How well do our samples represent the population parameter we are interested in (proportion of chocolate timbits)?

## 3. Drawing 70 samples of size 40

Now let's use R to do by ourselves what we just in class as a group: 

Let's take 70 random samples and then look at the distribution of the proportions of these samples (or the sampling distribution of the sample proportions).

To do this, first we use `rep_sample_n` as previously, but we add the `reps` argument:

In [None]:
(seventy_samples <- rep_sample_n(virtual_box, size = 40, reps = 70))

This gives us 70 random samples of size 40 from the population (`virtual_box`). You can explore the `replicate` column and the `timbit_id` column to prove that to yourself.

### What is the proportion of chocolate in our 70 samples?

First we create a `group_by` attribute for the `replicate` column our data frame. This is so we can apply the summarize function to each replicate without explicitly writing our own loop (again, more about this in Data Wrangling). 

*note - we could loop in R, but this is faster and easier (once you practice it a bit)...*

In [None]:
seventy_samples_grouped <- group_by(seventy_samples, replicate)

*note - our data frame pretty much the same to us if we print it, however it changes how it acts with the other tidyverse functions...*


Next we count the total number of chocolate timbits for each sample:

In [None]:
(total_chocolate_seventy_samples <- summarize(seventy_samples_grouped, chocolate = sum(color == "chocolate")))

Finally, we calculate the proportion of chocolate timbits for each sample:

In [None]:
(prop_chocolate_seventy_samples <- mutate(total_chocolate_seventy_samples, prop_chocolate = chocolate / 40))

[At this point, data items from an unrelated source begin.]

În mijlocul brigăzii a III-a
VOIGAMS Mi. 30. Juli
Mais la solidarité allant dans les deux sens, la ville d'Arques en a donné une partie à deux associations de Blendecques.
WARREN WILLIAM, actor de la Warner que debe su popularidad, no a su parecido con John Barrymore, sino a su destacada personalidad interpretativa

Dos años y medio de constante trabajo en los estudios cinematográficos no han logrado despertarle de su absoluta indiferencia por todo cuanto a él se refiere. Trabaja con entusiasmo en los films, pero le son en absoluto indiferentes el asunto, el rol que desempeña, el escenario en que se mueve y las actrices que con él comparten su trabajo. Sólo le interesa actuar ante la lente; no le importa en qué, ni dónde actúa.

Or once you learn pipes in Data Wrangling you can simplify the code above too:

In [None]:
prop_chocolate_seventy_samples <- rep_sample_n(virtual_box, size = 40, reps = 70) %>% 
  group_by(replicate) %>% 
  summarize(chocolate = sum(color == "chocolate")) %>% 
  mutate(prop_chocolate = chocolate / 40)

## Plot the distribution of sample probabilities 

In [None]:
# calculate mean of the proportion of the seventy samples
mean_prop_seventy_samples <- round(mean(prop_chocolate_seventy_samples$prop_chocolate), 2)

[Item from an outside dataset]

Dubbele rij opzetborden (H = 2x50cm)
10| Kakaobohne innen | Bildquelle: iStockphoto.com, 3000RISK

# visualize the sampling distribution of proportion of chocolate timbits for the seventy samples 
(sampling_distribution <- ggplot(prop_chocolate_seventy_samples, aes(x = prop_chocolate)) + # specify data to be plotted
    geom_histogram(binwidth = 0.025, color = "white") +  # use histogram geom
    labs(x = "Sample proportion of chocolate timbits based on n = 40") + # add x-axis label
    geom_vline(xintercept = mean_prop_seventy_samples, colour = "red") + # add vertical line at mean
    annotate("text", x = 0.65, y = 10.4, label = mean_prop_seventy_samples)) # add mean value as text

## Now it's your turn! Go!

1. Collect 70 random samples of 40 timbits & calculate a proportion of chocolate timbits (code below).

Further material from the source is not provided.